<<<<

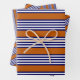 Blaue und weiße Streifen mit verbrannter Orange Geschenkpapier Set
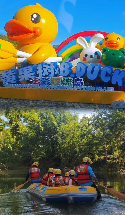 黄果树小黄鸭主题漂流项目位于安顺市黄果树景区天星桥至郎宫半岛黄金路线,漂流线路全长约4.2公里,途中设有12处险滩,漂流时长约1至1.5小时。
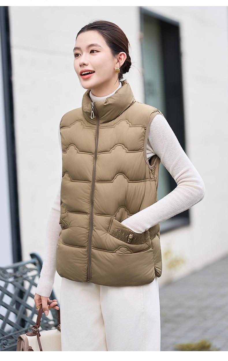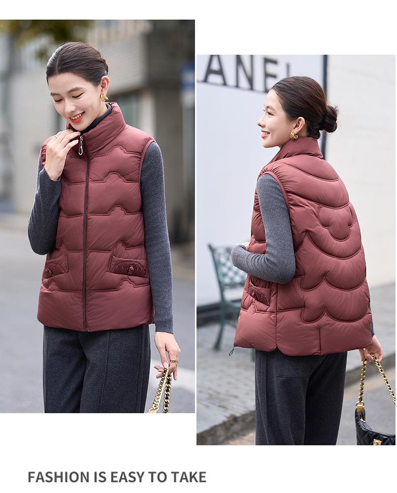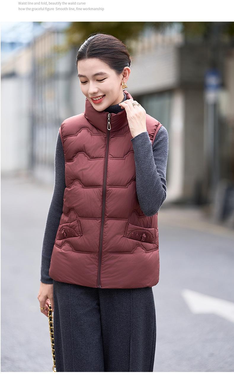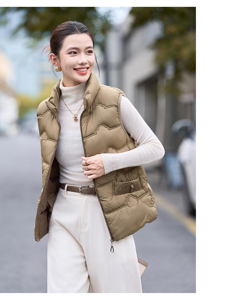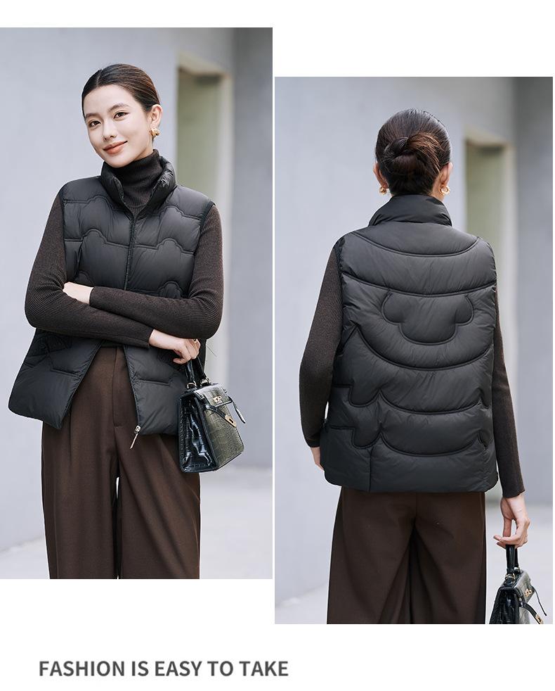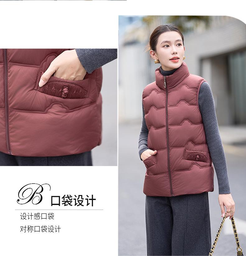 Chaleco de Algodón para Mujer Otoño e Invierno Nuevo Chaleco Corto de Algodón sin Mangas Suelto con Cuello Alto Versátil Adelgazante Ropa Exterior
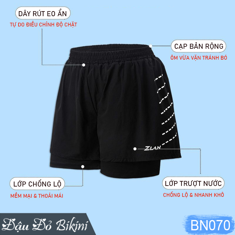 Quần bơi 2 lớp big size từ Đậu Đỏ Bikini (mã sản phẩm: BN070) không chỉ mang đến sự thoải mái mà còn giúp các bạn nam béo mập tự tin bơi lội khi ở
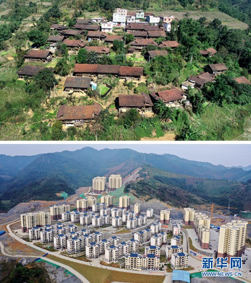 這是一張拼版照片。上圖:整屯搬遷前的廣西南丹縣里湖瑤族鄉(xiāng)董甲村么干屯(2018年1月10日攝)。這里的村民都搬遷到“千家瑤寨·萬戶瑤鄉(xiāng)”里湖王尚易地扶貧搬遷安置點。下圖:“千家瑤寨·萬戶瑤鄉(xiāng)”里湖王尚易地扶貧搬遷安置點(8月4日攝,無人機照片)。新華社記者 周華 攝
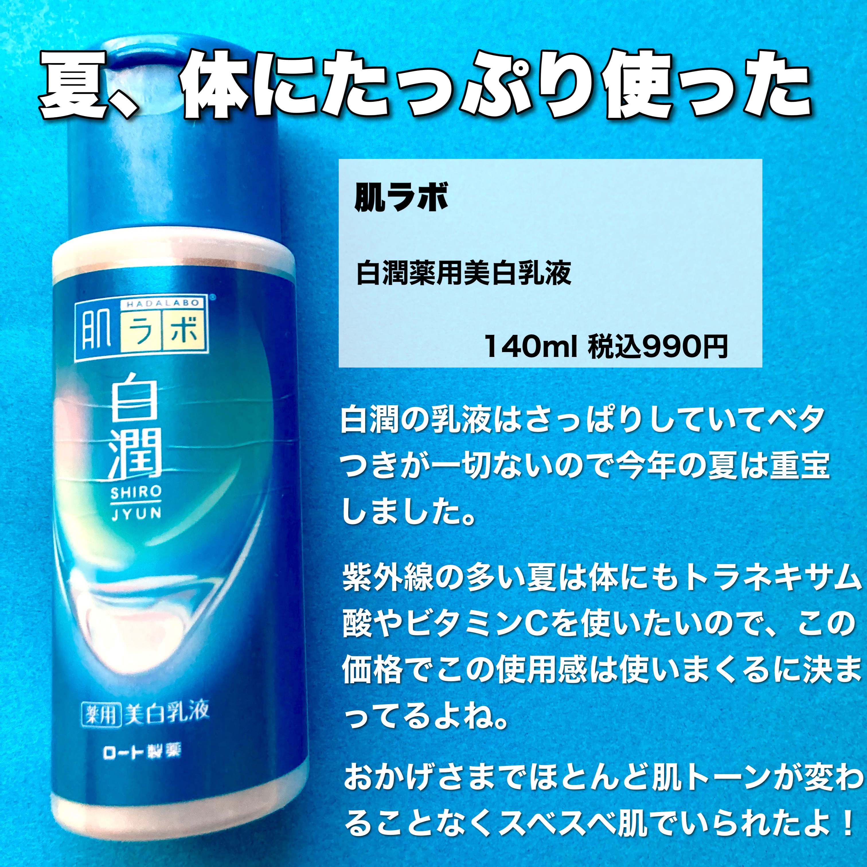 白潤 薬用美白乳液のほうなんです。 白潤の乳液を体に使い始めてからとにかく体がふかふかスベスベでもう病みつき。 ベタつかないから割とすぐ服を着られるし快適でしかない!

>>>>

* **Task instructions**:
A faithful copy of every entry is needed, omitting each image.

* **Result below**:
 Blaue und weiße Streifen mit verbrannter Orange Geschenkpapier Set
 黄果树小黄鸭主题漂流项目位于安顺市黄果树景区天星桥至郎宫半岛黄金路线,漂流线路全长约4.2公里,途中设有12处险滩,漂流时长约1至1.5小时。
 Chaleco de Algodón para Mujer Otoño e Invierno Nuevo Chaleco Corto de Algodón sin Mangas Suelto con Cuello Alto Versátil Adelgazante Ropa Exterior
 Quần bơi 2 lớp big size từ Đậu Đỏ Bikini (mã sản phẩm: BN070) không chỉ mang đến sự thoải mái mà còn giúp các bạn nam béo mập tự tin bơi lội khi ở
 這是一張拼版照片。上圖:整屯搬遷前的廣西南丹縣里湖瑤族鄉(xiāng)董甲村么干屯(2018年1月10日攝)。這里的村民都搬遷到“千家瑤寨·萬戶瑤鄉(xiāng)”里湖王尚易地扶貧搬遷安置點。下圖:“千家瑤寨·萬戶瑤鄉(xiāng)”里湖王尚易地扶貧搬遷安置點(8月4日攝,無人機照片)。新華社記者 周華 攝
 白潤 薬用美白乳液のほうなんです。 白潤の乳液を体に使い始めてからとにかく体がふかふかスベスベでもう病みつき。 ベタつかないから割とすぐ服を着られるし快適でしかない!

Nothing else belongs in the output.